● Exercise brief: Each line of the data must reappear exactly in your answer, with no images included.

● Given data:
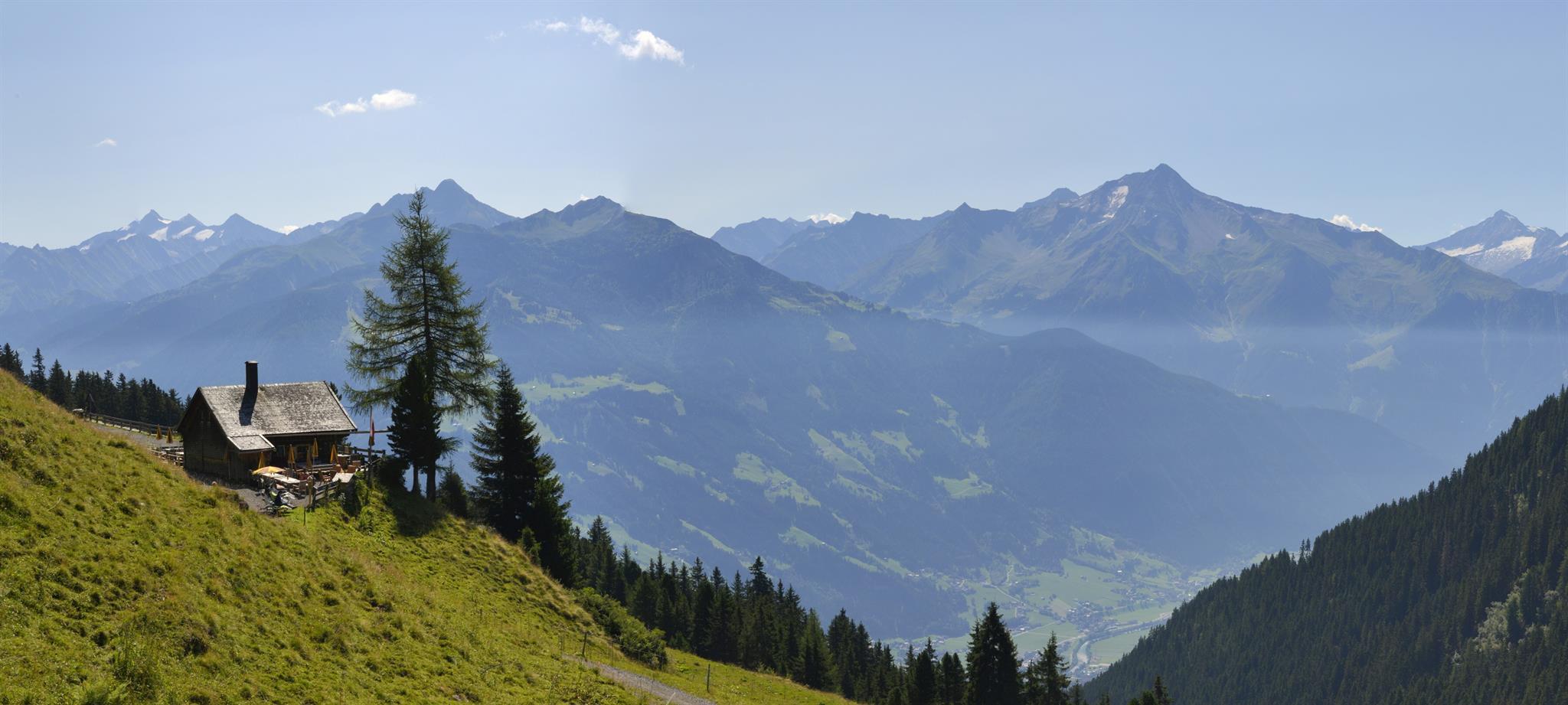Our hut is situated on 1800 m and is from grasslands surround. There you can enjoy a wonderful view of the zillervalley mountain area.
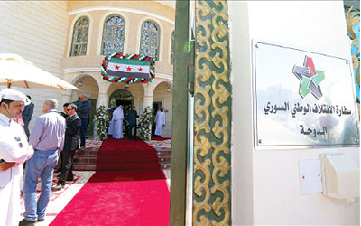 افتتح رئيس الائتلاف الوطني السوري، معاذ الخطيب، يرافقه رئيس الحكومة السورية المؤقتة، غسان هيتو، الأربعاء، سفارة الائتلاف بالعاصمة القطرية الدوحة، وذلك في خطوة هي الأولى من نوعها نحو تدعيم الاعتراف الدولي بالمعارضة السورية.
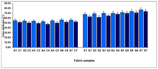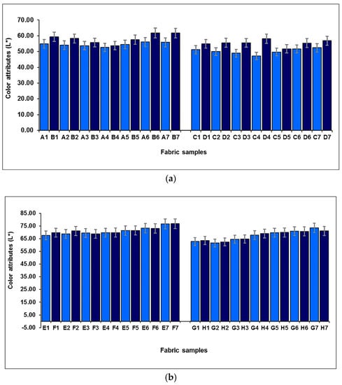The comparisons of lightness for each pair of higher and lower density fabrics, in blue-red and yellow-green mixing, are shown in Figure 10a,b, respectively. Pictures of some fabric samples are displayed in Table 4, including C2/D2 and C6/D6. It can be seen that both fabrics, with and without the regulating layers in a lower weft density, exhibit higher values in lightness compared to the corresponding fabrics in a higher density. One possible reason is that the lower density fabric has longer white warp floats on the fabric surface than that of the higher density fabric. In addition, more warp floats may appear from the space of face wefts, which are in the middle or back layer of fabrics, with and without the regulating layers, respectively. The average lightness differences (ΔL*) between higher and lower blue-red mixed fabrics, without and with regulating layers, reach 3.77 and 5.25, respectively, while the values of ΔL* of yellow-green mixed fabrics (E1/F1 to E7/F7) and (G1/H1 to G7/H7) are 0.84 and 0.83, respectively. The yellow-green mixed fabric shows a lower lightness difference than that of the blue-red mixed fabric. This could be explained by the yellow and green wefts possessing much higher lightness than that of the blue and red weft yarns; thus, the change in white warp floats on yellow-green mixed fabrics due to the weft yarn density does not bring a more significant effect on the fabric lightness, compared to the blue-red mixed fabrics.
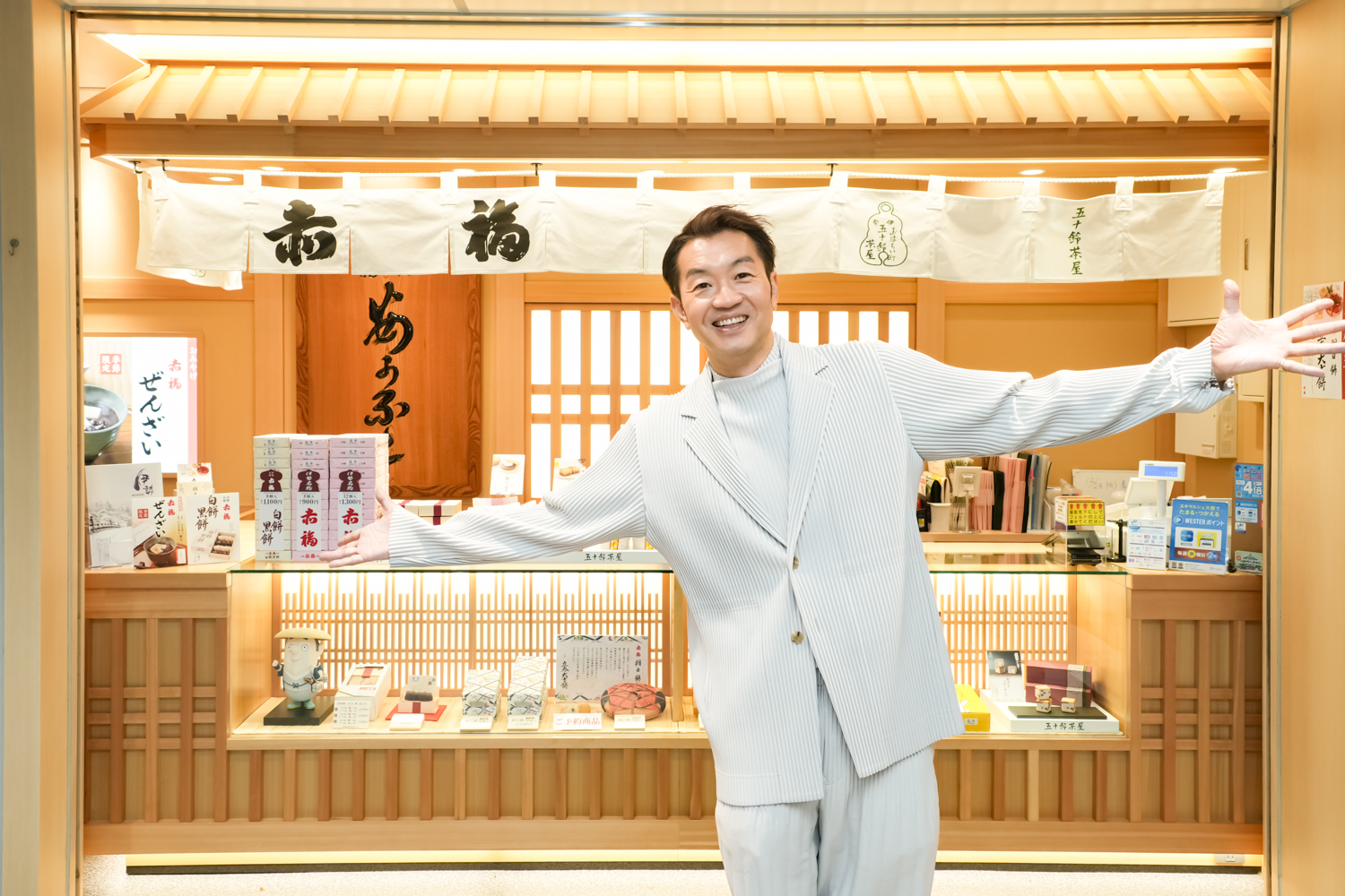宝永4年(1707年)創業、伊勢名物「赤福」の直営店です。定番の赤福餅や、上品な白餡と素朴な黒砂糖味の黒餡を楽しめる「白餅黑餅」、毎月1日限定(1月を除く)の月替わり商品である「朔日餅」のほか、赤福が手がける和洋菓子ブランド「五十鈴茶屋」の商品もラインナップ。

● Exercise solution:
Our hut is situated on 1800 m and is from grasslands surround. There you can enjoy a wonderful view of the zillervalley mountain area.
 افتتح رئيس الائتلاف الوطني السوري، معاذ الخطيب، يرافقه رئيس الحكومة السورية المؤقتة، غسان هيتو، الأربعاء، سفارة الائتلاف بالعاصمة القطرية الدوحة، وذلك في خطوة هي الأولى من نوعها نحو تدعيم الاعتراف الدولي بالمعارضة السورية.
The comparisons of lightness for each pair of higher and lower density fabrics, in blue-red and yellow-green mixing, are shown in Figure 10a,b, respectively. Pictures of some fabric samples are displayed in Table 4, including C2/D2 and C6/D6. It can be seen that both fabrics, with and without the regulating layers in a lower weft density, exhibit higher values in lightness compared to the corresponding fabrics in a higher density. One possible reason is that the lower density fabric has longer white warp floats on the fabric surface than that of the higher density fabric. In addition, more warp floats may appear from the space of face wefts, which are in the middle or back layer of fabrics, with and without the regulating layers, respectively. The average lightness differences (ΔL*) between higher and lower blue-red mixed fabrics, without and with regulating layers, reach 3.77 and 5.25, respectively, while the values of ΔL* of yellow-green mixed fabrics (E1/F1 to E7/F7) and (G1/H1 to G7/H7) are 0.84 and 0.83, respectively. The yellow-green mixed fabric shows a lower lightness difference than that of the blue-red mixed fabric. This could be explained by the yellow and green wefts possessing much higher lightness than that of the blue and red weft yarns; thus, the change in white warp floats on yellow-green mixed fabrics due to the weft yarn density does not bring a more significant effect on the fabric lightness, compared to the blue-red mixed fabrics.
宝永4年(1707年)創業、伊勢名物「赤福」の直営店です。定番の赤福餅や、上品な白餡と素朴な黒砂糖味の黒餡を楽しめる「白餅黑餅」、毎月1日限定(1月を除く)の月替わり商品である「朔日餅」のほか、赤福が手がける和洋菓子ブランド「五十鈴茶屋」の商品もラインナップ。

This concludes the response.